» **INSTRUCTIONS TO FOLLOW**:
Restate every line of the data word for word, except for the images.
*** Block opens ***
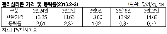 표, 그래프 : <폴리실리콘 가격 및 등락률(2016.2-3)> <화학저널 2016/03/24> |
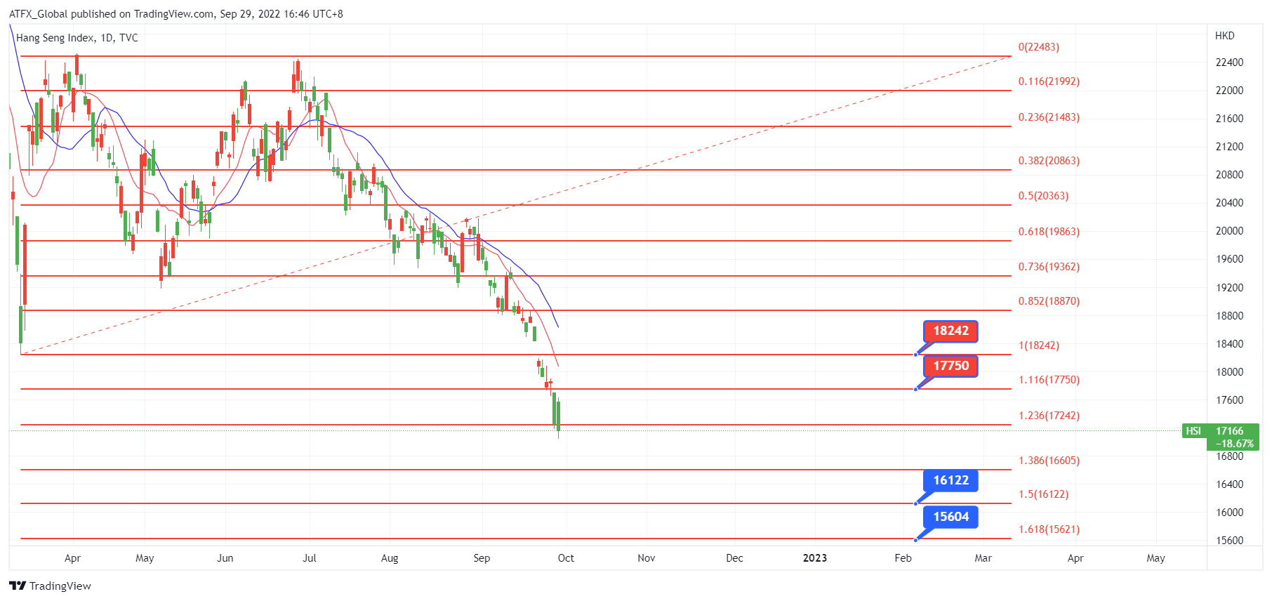 ATFX恒指追迹不一样的国庆假期中港股市较往常低迷 ATFX恒指:过往国庆假期普天同庆,港股受中国经济支持成交畅旺,就算去年疫情影响下投资者情绪仍非常乐观,股市调整过后仍见曙光。可惜今年自二季开始,外围及中国经济影响巨大,中港以至亚洲股市走势持续下行,直至今年的国庆临近,香港股市仍然未见起色。 周四道琼斯指
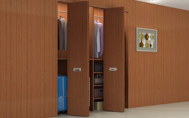 ウォークインクローゼットなどの収納スペースに最適な中量用折戸金物。
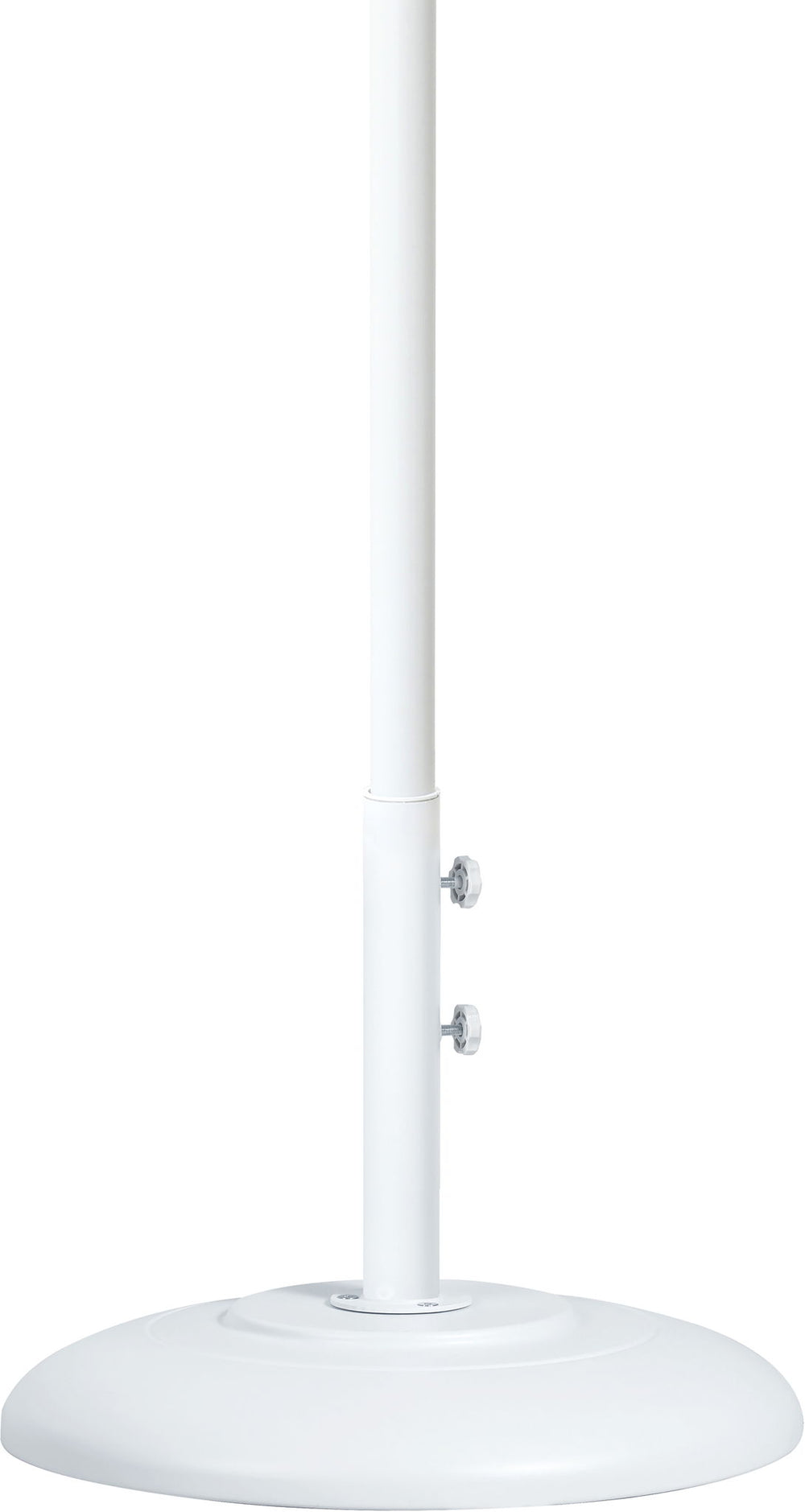 Bask in the shade wherever it's needed when you bring home this Fiji fabric and matte white aluminum patio umbrella with base set. This ingenious umbrella and base can be used as a standalone umbrella on a deck or patio - or add it to your choice of table for a sturdy solution for hiding from the sun's rays. The aluminum pole weathers the elements like a champ, and the umbrella is crafted from water-resistant fabric for a beautiful, lasting look.
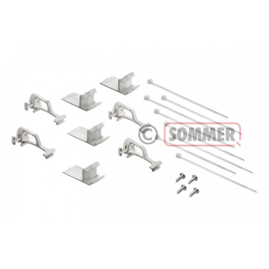 * Étriers de câble pour la fixation des câbles directement sur l'encadrement de porte et le faux-linteau * Pour l'encadrement et le faux-linteau du système HOME de DOCO * Y compris 4× étriers de câble pour l'encadrement de porte, 4× étriers de câble pour linteau de porte, 8× serre-câbles et 4× vis
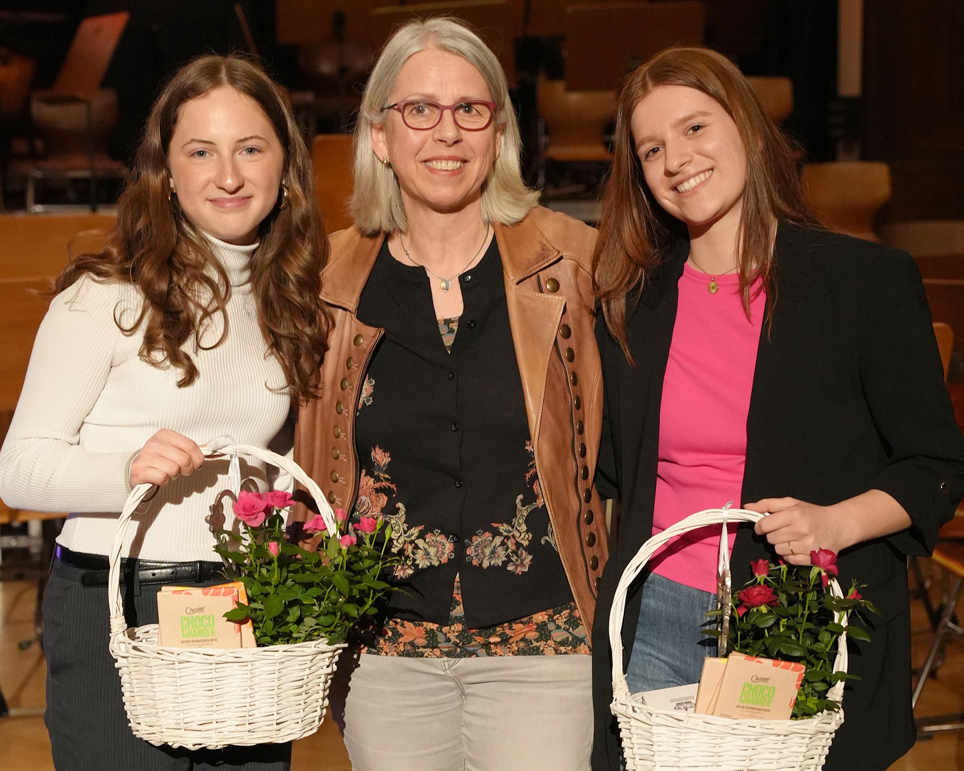 Danach feiern wir mit Schülerinnen und Schülern der Goetheschule, des Gymnasiums Nord-Ost und der Frida Levy-Gesamtschule eine besondere Auszeichnung. Der Young Women in Public Affairs Award wird jährlich von ZONTA vergeben, einem weltweiten Zusammenschluss berufstätiger Frauen. Unter den vier Preisträgerinnen sind in diesem Jahr auch die beiden Präsidentinnen unseres Nachhaltigkeitsclubs, Marlene (Q1) und Pauline (Q2).
*** Block closes ***
» **FINISHED TASK**:
 표, 그래프 : <폴리실리콘 가격 및 등락률(2016.2-3)> <화학저널 2016/03/24> |
 ATFX恒指追迹不一样的国庆假期中港股市较往常低迷 ATFX恒指:过往国庆假期普天同庆,港股受中国经济支持成交畅旺,就算去年疫情影响下投资者情绪仍非常乐观,股市调整过后仍见曙光。可惜今年自二季开始,外围及中国经济影响巨大,中港以至亚洲股市走势持续下行,直至今年的国庆临近,香港股市仍然未见起色。 周四道琼斯指
 ウォークインクローゼットなどの収納スペースに最適な中量用折戸金物。
 Bask in the shade wherever it's needed when you bring home this Fiji fabric and matte white aluminum patio umbrella with base set. This ingenious umbrella and base can be used as a standalone umbrella on a deck or patio - or add it to your choice of table for a sturdy solution for hiding from the sun's rays. The aluminum pole weathers the elements like a champ, and the umbrella is crafted from water-resistant fabric for a beautiful, lasting look.
 * Étriers de câble pour la fixation des câbles directement sur l'encadrement de porte et le faux-linteau * Pour l'encadrement et le faux-linteau du système HOME de DOCO * Y compris 4× étriers de câble pour l'encadrement de porte, 4× étriers de câble pour linteau de porte, 8× serre-câbles et 4× vis
 Danach feiern wir mit Schülerinnen und Schülern der Goetheschule, des Gymnasiums Nord-Ost und der Frida Levy-Gesamtschule eine besondere Auszeichnung. Der Young Women in Public Affairs Award wird jährlich von ZONTA vergeben, einem weltweiten Zusammenschluss berufstätiger Frauen. Unter den vier Preisträgerinnen sind in diesem Jahr auch die beiden Präsidentinnen unseres Nachhaltigkeitsclubs, Marlene (Q1) und Pauline (Q2).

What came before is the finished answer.